Grand Challenge 2:

How can departments and programs support continuous improvement in undergraduate geoscience education?

Rationale

Undergraduate geoscience content is taught in a wide variety of departments and programs beyond only traditional geoscience or geology departments, including physical science departments at community colleges, departments focused on ocean, atmospheric science, and environmental science, and even embedded within courses taught by departments such as sociology and engineering. All of these departments and programs can be conceptualized as complex systems comprised of instructors, students, staff, and administrators, as well as curricula, courses, and assessment mechanisms, as well as physical structures such as classrooms and labs (Condon et al., 2016; Manduca, 2017). These systems support students' geoscience education, the professional environment of the instructor, and the long-term character and evolution of the degree program (Tobias, 1992; NASEM, 2016). Geoscience education research can assist departments, institutions, and professional development programs in understanding how these systems function to support students and instructors in learning.

Viewed from this systems perspective, in "healthy" departments and programs, new and potentially valuable ideas about teaching and learning enter the system continuously and are discussed, experimented with, and implemented freely (Manduca, 2017).

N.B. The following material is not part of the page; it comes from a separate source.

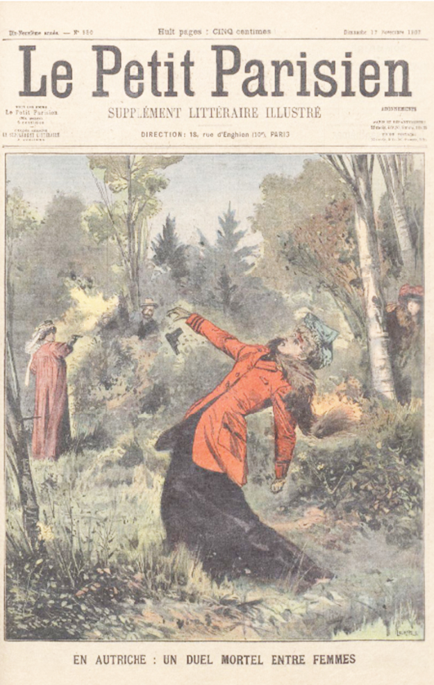 У Европи су почетком двадесетог века били чести женски двобоји. О томе су писале новине са приказима сцена двобоја. Можда због тога, а можда и због Пушкина и Љермонтова, перспективна српска књижевница Лепосава Мијушковић излаз из своје тешке друштвене ситуације, у сукобу између сопственог тела и душе, нашла је у двобоју са својом изабраницом која ју је изневерила.
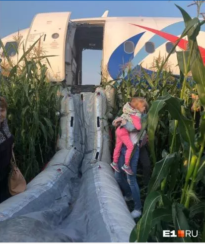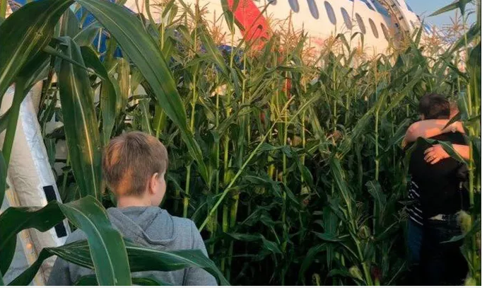 Trang tin Life.ru đăng tải cảnh quay mọi người đi qua cánh đồng, ra khỏi chiếc máy bay đang nằm giữa những cây bắp.

A healthy department or program can respond and adapt quickly to new challenges and opportunities, drawing on this capacity for learning. Considerations affecting the health of the program include teaching-related rewards structures; resources and opportunities for professional development; collegiality among faculty, students, and staff; leadership; and other factors (Andrews et al., 2016; Walter et al., 2014).

While each geoscience department or program is a system unto itself, it is embedded within larger systems such as the college, institution, discipline and its component professional organizations, and local, national, and global societies, all of which exert various types of influences on the health of a department or program. Furthermore, individuals from a department or program may participate in communities of transformation that transcend individual disciplines (Gehrke & Kezar, 2016), and these ties may also contribute to systems health within a department or program. Thus, further work will need to clarify factors contributing to department or program health from both within (departmental climate) and beyond the department itself (e.g. academic advising, employers, disciplinary societies). An understanding of the departmental system and its response to both internal and external influences is foundational to sustaining the highest-quality geoscience education. This Grand Challenge is summarized in Figure 3.

Recommended Research Strategies

  1. Collaborate with and draw upon the work of organizational psychologists who study workplace climate to conduct mixed-methods case studies describing the health of a variety of geoscience programs, including measures of departmental climate (e.g., Walter et al., 2014)and interviews with students, alumni, faculty (full- and part-time), staff, and administrators that seek to determine their perceptions of internal and external influences on teaching and learning information flow and changes in practice.
  2. Based on those case studies, formulate hypotheses about internal and external variables that appear to have the greatest impact on department or program health, and design quantitative survey instruments to test those hypotheses across a representative subsection of geoscience departments and programs in the U.S.
  3. Investigate how departments and programs that support high-quality undergraduate geoscience teaching evolved to that state. Longitudinal multi-case studies of departments and program from the range of institutional types would aid in addressing this strategy.
  4. Identify what chairs/heads of a diverse range of departments and programs need to foster a teaching culture that supports high-quality undergraduate geoscience education and the extent to which they think those needs are being met. A critical incident analysis of chairs/heads experiences would assist the pursuit of this strategy.
  5. Conduct social network analyses at a variety of scales within the geoscience education community, including departments and disciplinary societies, to identify the characteristics of change agents and to understand of how those change agents support program health.